Когда я рассказываю теперешним молодым родителям, что клала свою новорожденную девочку спать в строго определенное время, закрывала дверь, чтоб не слышать ее криков и уходила, — потому что только так я могла приучить ее к «режиму», а это было необходимостью, которую мне не приходило в голову поставить под сомнение, — на меня смотрят как просто на изувершу. И ведь не то чтоб мне нравилось сидеть за тонкой стенкой брежневской многоэтажки под все-таки доносящиеся младенческие вопли. Это было жертвой. Но я знала, что так правильно.
Еще страшнее теперь вспоминать о «шлепании» за всякие провинности, о полном, в теперешнем понимании, нарушении детских границ, о навязывании детям своей жизненной системы координат — всё, всё это я делала.

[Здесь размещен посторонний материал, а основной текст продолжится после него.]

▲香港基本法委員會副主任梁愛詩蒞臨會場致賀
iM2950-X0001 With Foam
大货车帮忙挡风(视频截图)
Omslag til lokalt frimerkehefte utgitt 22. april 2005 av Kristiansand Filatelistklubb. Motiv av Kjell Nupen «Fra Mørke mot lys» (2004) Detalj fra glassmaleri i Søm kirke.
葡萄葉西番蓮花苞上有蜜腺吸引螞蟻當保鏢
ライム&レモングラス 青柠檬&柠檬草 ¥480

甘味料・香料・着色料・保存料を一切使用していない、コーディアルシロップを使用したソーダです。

Я, впрочем, отчасти извиняю себя тем, что сама прожила ровно такое детство и была в нем абсолютно счастлива, но при этом понимаю, что концепция счастья могла за это время измениться, и то, что я считала совершенно естественным, мои дети таковым уже не считают.

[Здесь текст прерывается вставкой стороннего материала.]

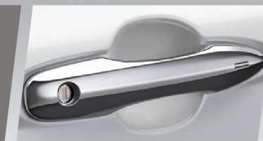
แผ่นฟิล์มกันรอยเข้ามือจับประตู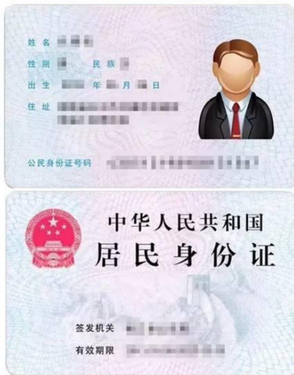
3 本人身份证正反面示例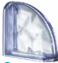
BLU TER CURVO O MET SAP CODE: 108650

Но гораздо труднее, чем осознать тот факт, что набор жизненных правил «хорошего родителя» за время взросления моих детей претерпел изменения, оказалось пережить сегодняшнюю диспозицию, согласно которой родитель всегда по умолчанию неправ. Что сакральные и ни на что не похожие, как нам казалось, отношения родителей и детей можно рассматривать как просто иерархические отношения, отношения с дисбалансом власти — и тогда выходит, что кричащий на подчиненного начальник и кричащий на ребенка родитель совершают одно и то же преступление. Такой взгляд сегодня — мейнстрим. И с ним я смириться никак не смогла.
Впрочем, никто меня не спрашивал, смиряюсь я с этим или нет. Помню, однажды меня позвали выступать в дискуссии о родительстве, и я очень осторожно сказала, что хотя детские травмы ужасны, материнские травмы тоже нельзя сбрасывать со счетов. Такого солидарного возмущения я, по-моему, никогда не вызывала, а у меня в этом смысле большой опыт.

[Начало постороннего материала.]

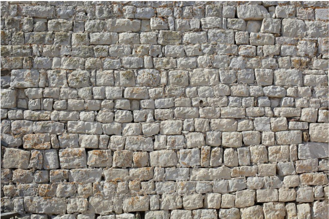
Fig. 2 - Particolare della struttura muraria della torre, a file di blocchi squadrati in pietra locale.

La struttura muraria della torre è caratterizzata da corsi paralleli di blocchi squadrati in pietra calcarea locale di dimensioni simili tra di loro (fig. 2); gli angoli sono rinforzati da conci più grandi, con la faccia esterna in alcuni casi lavorata a bugnato (fig. 3). La torre si sviluppa su tre piani, ognuno dei quali ha un'area leggermente più piccola di quello sottostante. Questa lieve rastrematura si nota nei paramenti murari esterni, dove, in corrispondenza del cambio di piano è visibile una sorta di risega (fig. 4). All'esterno, inoltre, si notano anche dei fori per l'alloggiamento delle travi dell'impalcatura, che attorniava la torre quando questa era in costruzione: alcuni di questi fori sono stati tamponati con laterizi.

В общем, от этой темы я начинаю чесаться. И хоть вроде бы понятно, что вряд ли экспозиция не школьного уровня позволит себе суперпрямолинейность (ну, не будет же выставка «Плохая мать» просто про плохую мать!), но, чтоб пойти туда ногами, мне пришлось сначала терапевтически созвониться со своими, разбросанными по разным континентам выросшими детьми, и они меня подбодрили в том смысле, что я, конечно, не без греха, но все ж не то чтоб прям bad-bad.
Впрочем, войдя в галерею, я выдохнула. Если эта выставка кого-то и порицает, то не таких как я, а общество, которое, с одной стороны, предъявляет непомерные требования к женщине, выполняющей материнскую работу (не считая это к тому же настоящей работой), а также стереотипизирует само понятие материнства.
Название выставки повторяет название открывающей ее работы: литографии Луиз Буржуа 1997 года. На ней маленькая девочка прильнула к ноге матери, а та отвлеклась и молоко из набухшей груди капает на землю.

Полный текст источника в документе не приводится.